FileStruct (https://github.com/appcove/FileStruct) is a general purpose file server and file cache for web application servers.
The primary goal is to create a high-performance and sensible local file server for web applications. The secondary goal is to enable FileStruct to be a caching layer between an application and a storage backend (like Amazon S3).
$ mkdir /path/to/database
$ chmod 770 /path/to/database
Note that the database MUST have group write permissions.
The group of /path/to/database
will be used throughout the entire database directory. Any user who wishes to write to the database must be in this group. Permissions are checked on startup, so if the user is not a member of this group, then a ConfigError
will be raised.
$ echo '{"Version":1}' > /path/to/database/FileStruct.json
Why do we require this file? It is a safe-guard against writing into a directory accidentally. If this file does not exist, then the database client will raise a ConfigError
.
If you are running code under apache, it will by default run as the apache
user. You may need to add a group to the apache
user in order to have it access the database. Assuming the database is owned by the fileserver
group, then:
# usermod -a -G fileserver apache
may be used to add apache
to the fileserver
group.
>>> import FileStruct
>>> client = FileStruct.Client('/path/to/database')
>>> client.PutData(b'test')
'a94a8fe5ccb19ba61c4c0873d391e987982fbbd3'
>>> client['a94a8fe5ccb19ba61c4c0873d391e987982fbbd3'].GetData()
b'test'
Assuming you are user jason
and you created the /path/to/database
to have the group fileserver
, then the above will result in:
$ ls -al /path/to/database
drwxrwxr-x. 2 jason fileserver 4096 Feb 22 17:13 Data
drwxrwxr-x. 2 jason fileserver 4096 Feb 22 17:13 Error
-rw-r--r--. 1 fileserver fileserver 88 Feb 22 16:55 FileStruct.json
drwxrwxr-x. 2 jason fileserver 4096 Feb 22 17:13 Temp
drwxrwxr-x. 2 jason fileserver 4096 Feb 22 17:13 Trash
You are now ready to use FileStruct!
Point is to not read the file with application code, but offload the task to http frontend, where it's highly optimized and can be done much more efficiently.
For Nginx http daemon with the aforementioned paths and /FileStruct
internal URI (will result in 404 for client requests) to serve file contents from, following configuration can be used:
location /FileStruct/
{
internal; # MUST be used, otherwise all files are public (but with obfuscated URIs)
alias /path/to/database/Data/; # Trailing slash is important
}
Then update the application to send X-Accel-Redirect header to http daemon, instead of serving the file contents directly (simple example with bottle framework):
client = FileStruct.Client(
Path = '/path/to/database',
InternalLocation = '/FileStruct', # Specifies configured Nginx URI
)
@route('/:filename')
def download(filename):
file_id = file_ids[filename]
return HTTPResponse(headers={'X-Accel-Redirect': client[file_id].InternalURI})

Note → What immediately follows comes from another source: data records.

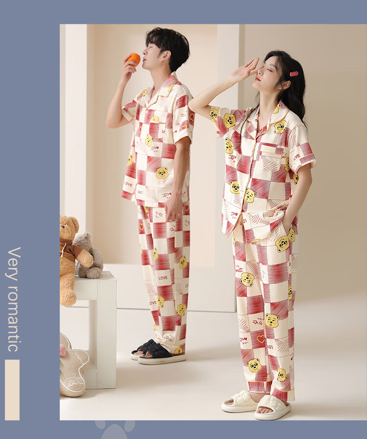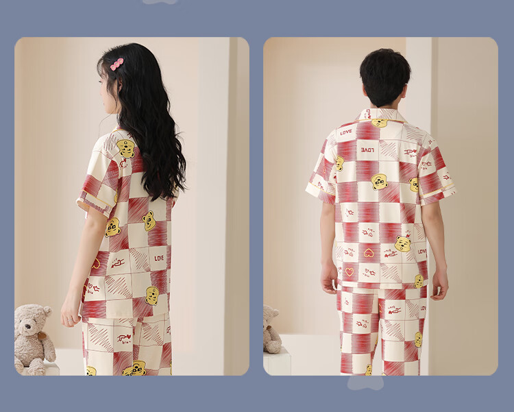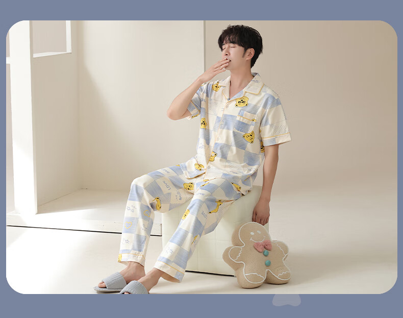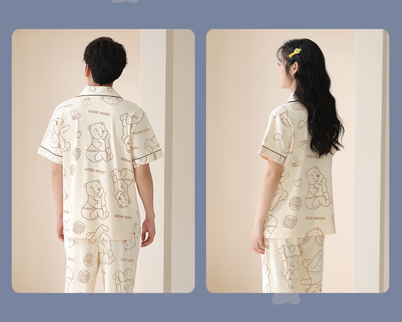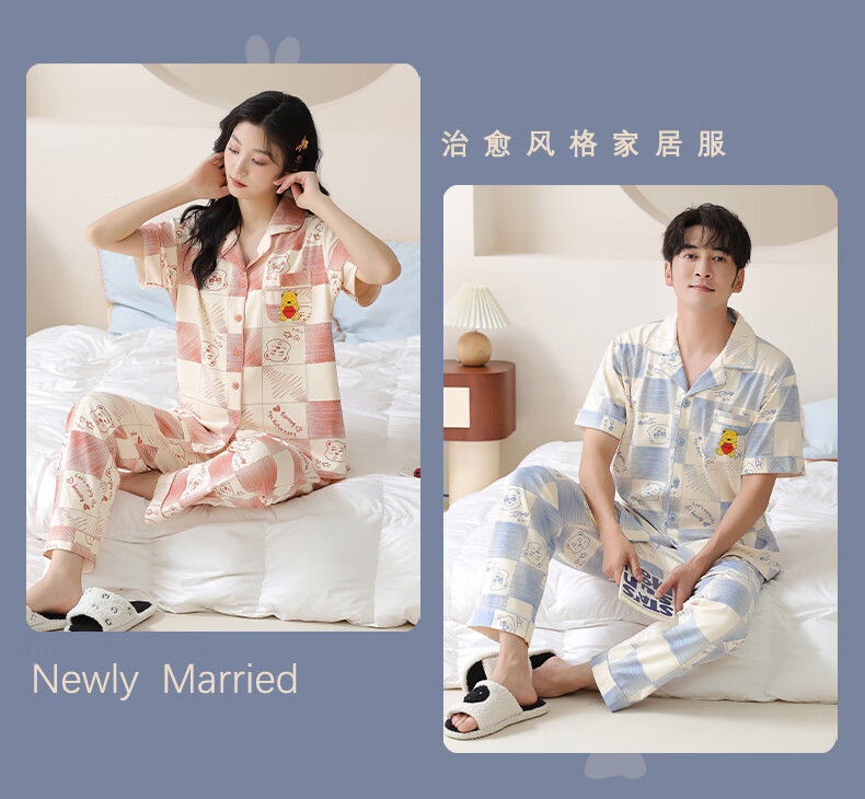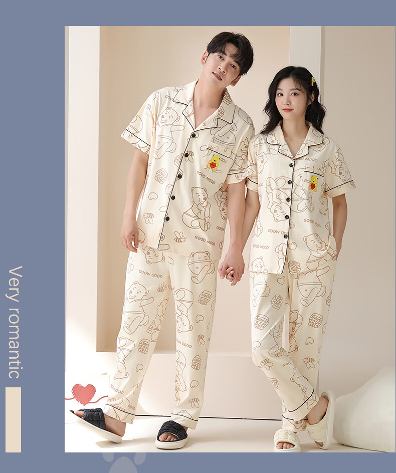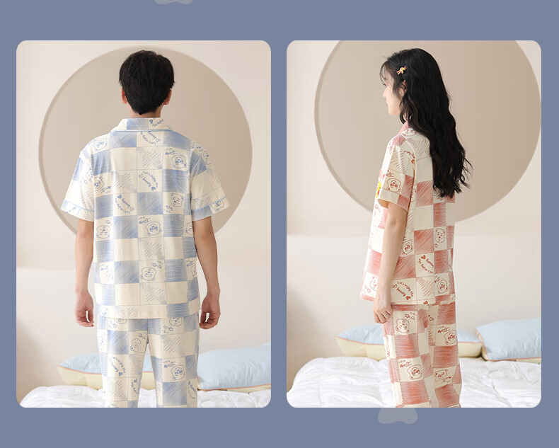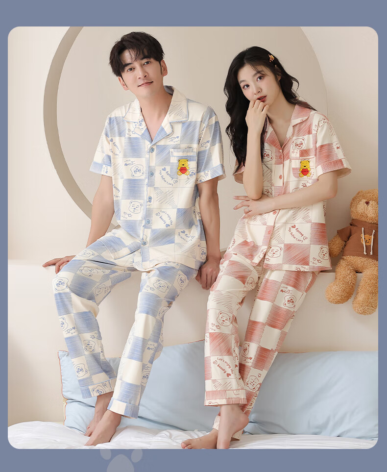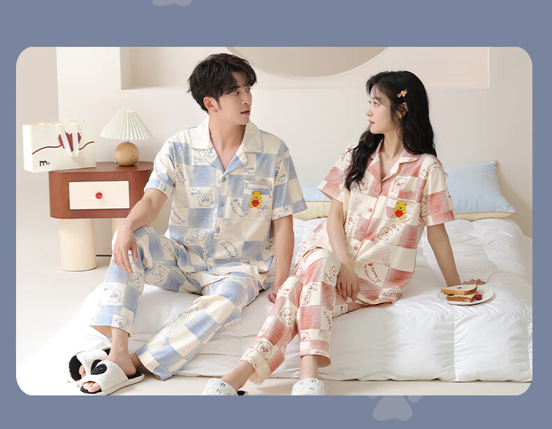 LangSha couple pajamas for one man and one woman, summer pure cotton thin section 7A antibacterial and anti-mite short-sleeved trousers, cardigan, casual home wear 6229 XL female + 3XL male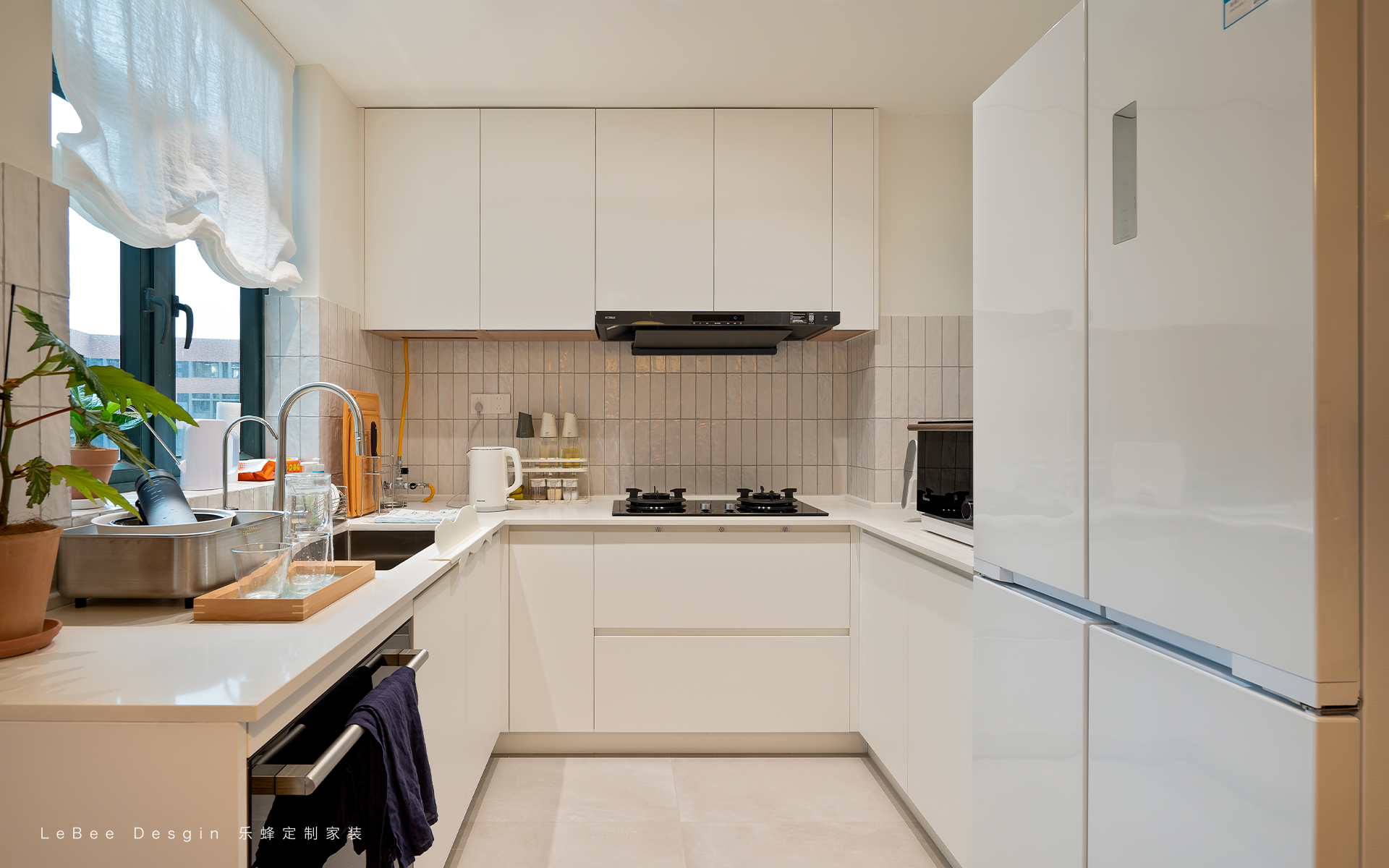 以白色為主色調,呈現出簡潔、明亮的視覺效果 。白色櫥柜提供充足收納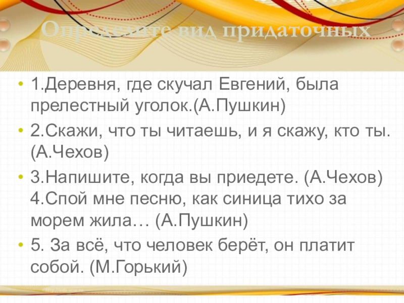 3.Напишите, когда вы приедете. (А.Чехов) 4.Спой мне песню, как синица тихо за морем жила… (А.Пушкин)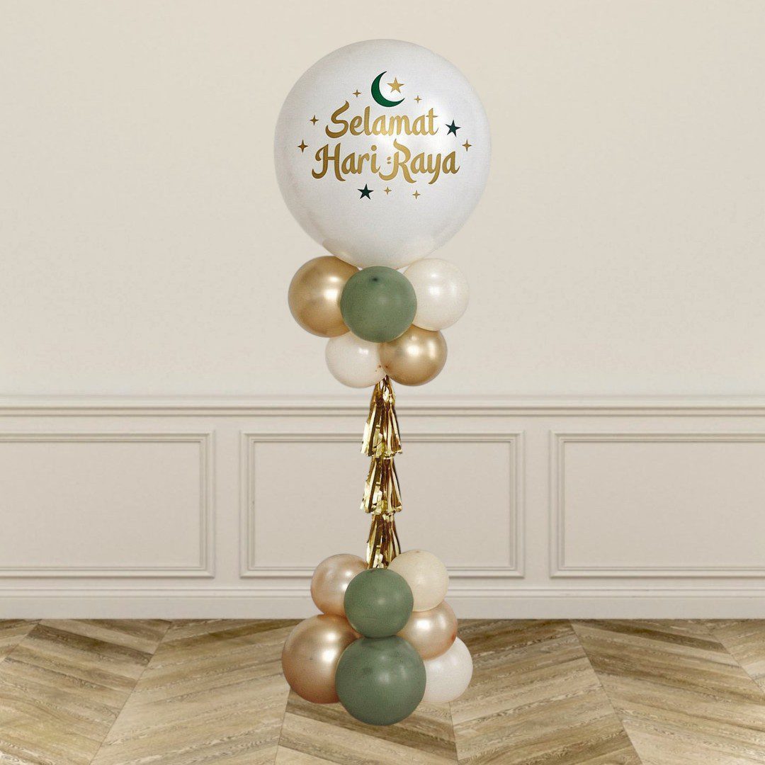 Bring an elegant Hari Raya statement to your celebration with the Gold Sands balloon pillar shown in the image. The vertical column is assembled from clusters of round balloons in warm gold and white sand tones, combining metallic sheen and soft matte finishes for depth and sparkle. Mixed balloon sizes create a textured, sculptural silhouette that reads as a festive centrepiece and a ready-made photo backdrop. The pillar’s balanced base and prominent top cluster give it a polished, eye-catching presence suitable for entranceways, greeting areas or an Hari Raya / Eid photo corner.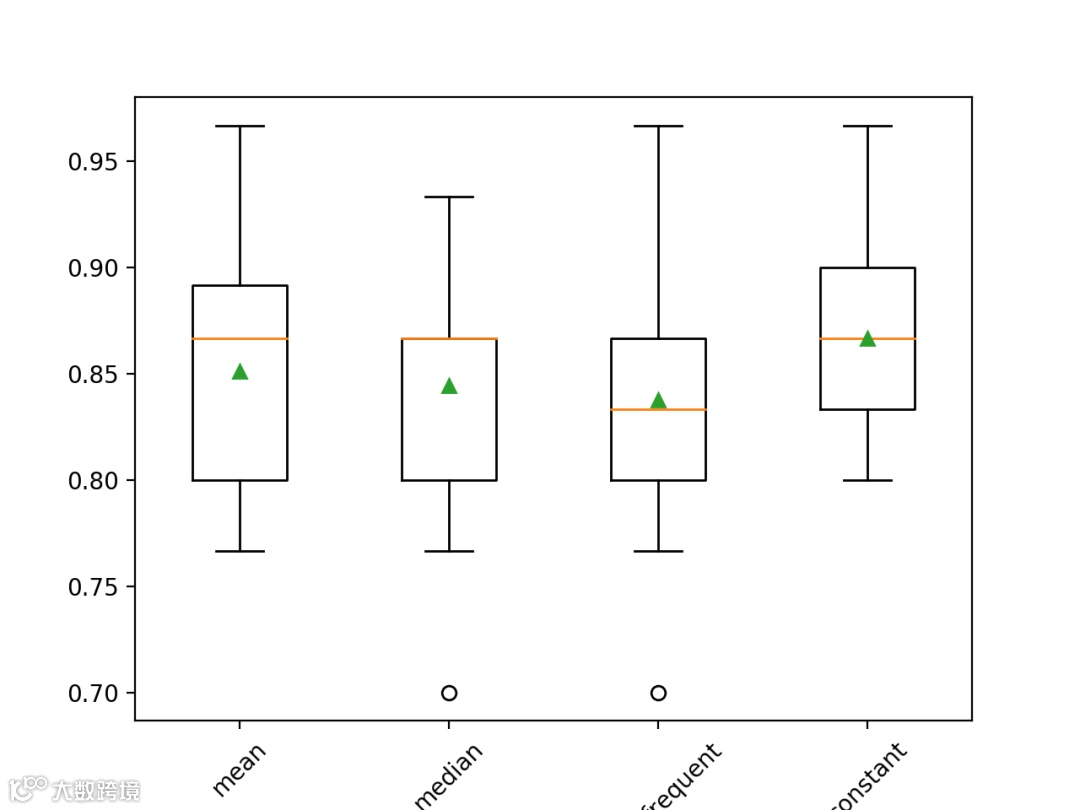 # compare statistical imputation strategies for the horse colic datasetfrom numpy import meanfrom numpy import stdfrom pandas import read_csvfrom sklearn.ensemble import RandomForestClassifierfrom sklearn.impute import SimpleImputerfrom sklearn.model_selection import cross_val_scorefrom sklearn.model_selection import RepeatedStratifiedKFoldfrom sklearn.pipeline import Pipelinefrom matplotlib import pyplot# load dataseturl = 'https://raw.githubusercontent.com/jbrownlee/Datasets/master/horse-colic.csv'dataframe = read_csv(url, header=None, na_values='?')# split into input and output elementsdata = dataframe.valuesX, y = data[:, :-1], data[:, -1]# evaluate each strategy on the datasetresults = list()strategies = ['mean', 'median', 'most_frequent', 'constant']for s in strategies:# create the modeling pipelinepipeline = Pipeline(steps=[('i', SimpleImputer(strategy=s)), ('m', RandomForestClassifier())])# evaluate the modelcv = RepeatedStratifiedKFold(n_splits=10, n_repeats=3, random_state=1)scores = cross_val_score(pipeline, X, y, scoring='accuracy', cv=cv, n_jobs=-1)# store resultsresults.append(scores)print('>%s %.3f (%.3f)' % (s, mean(scores), std(scores)))# plot model performance for comparisonpyplot.boxplot(results, labels=strategies, showmeans=True)pyplot.xticks(rotation=45)pyplot.show()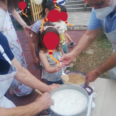 Στο επόμενο στάδιο κόβουμε πλιγούρι στον χειρόμυλο και κατασκευάζουμε τον παραδοσιακό τραχανά. Όλα τα ζυμαρικά απλώνονται για να στεγνώσουν. Η δραστηριότητα τελειώνει με τα παιδιά να φεύγουν παίρνοντας μαζί τους σε ένα σακουλάκι τα ζυμαρικά και σε ένα ποτηράκι τον τραχανά τους.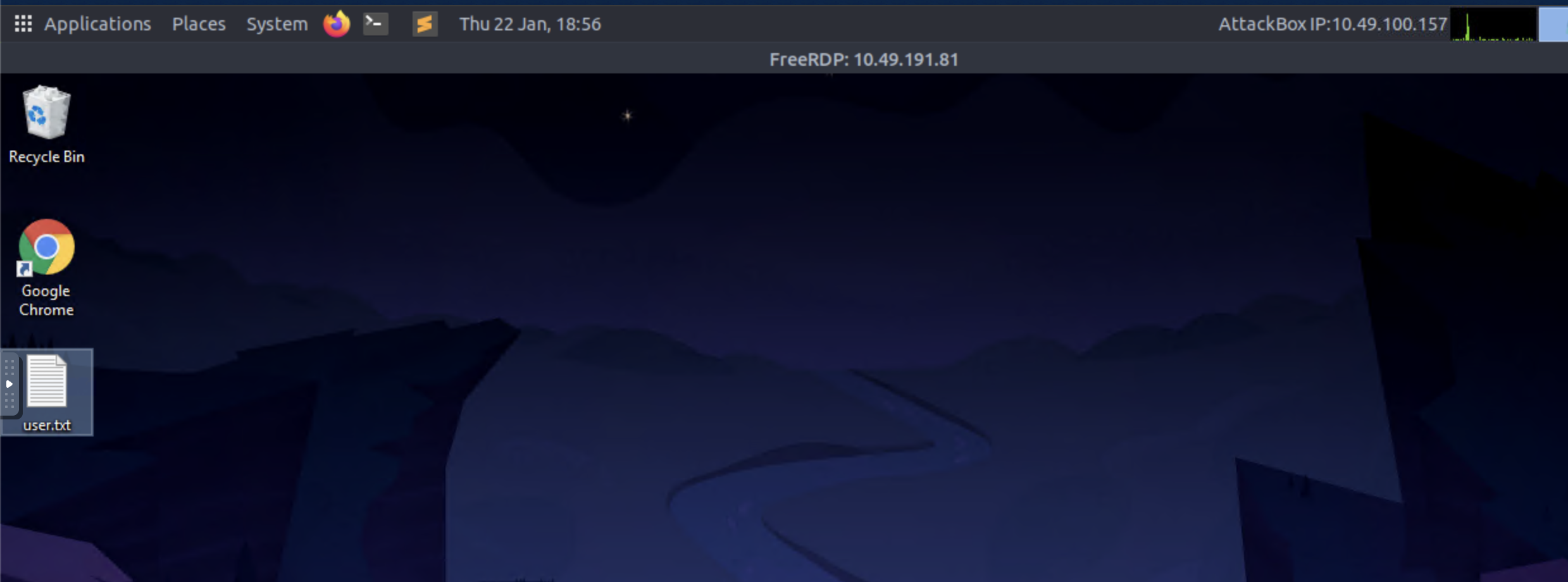 As soon as we log in via RDP, we can see the user.txt flag. That's the second answer for the room.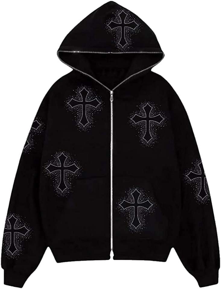 Vintage, Sobredimensionado, Cremallera-para arriba, Sudadera

Note that some daemons (e.g. lighttpd) use X-Sendfile header for such internal redirects instead.
If http frontend has no support for internal redirects at all, client redirects can still be used for efficiency, but they require additional http request round-trip and must not be used for potentially private files, as app will have no control over access to these by InternalURI.
FileStruct is designed to work with files represented by the SHA-1 hash of their contents. This means that all files in FileStruct are immutable.
FileStruct is designed as a local repository of file data accessable (read/write) by an application or web application. All operations are local I/O operations and therefore, very fast.
Where possible, streaming hash functions are used to prevent iterating over a file twice.
FileStruct is designed so that Nginx can serve files directly from it's Data directory using an X-Accel-Redirect
header. For more information on this Nginx configuration directive, see http://wiki.nginx.org/XSendfile
Assuming that nginx runs under nginx
user and file database is owned by the fileserver
group, nginx
needs to be in the fileserver
group to serve files:
# usermod -a -G fileserver nginx
FileStruct is designed to be as secure as your hosting configuration. Where possible, a dedicated user should be allocated to read/write to FileStruct, and the database directory restricted to this user.
FileStruct is designed to be incredibly simple to use.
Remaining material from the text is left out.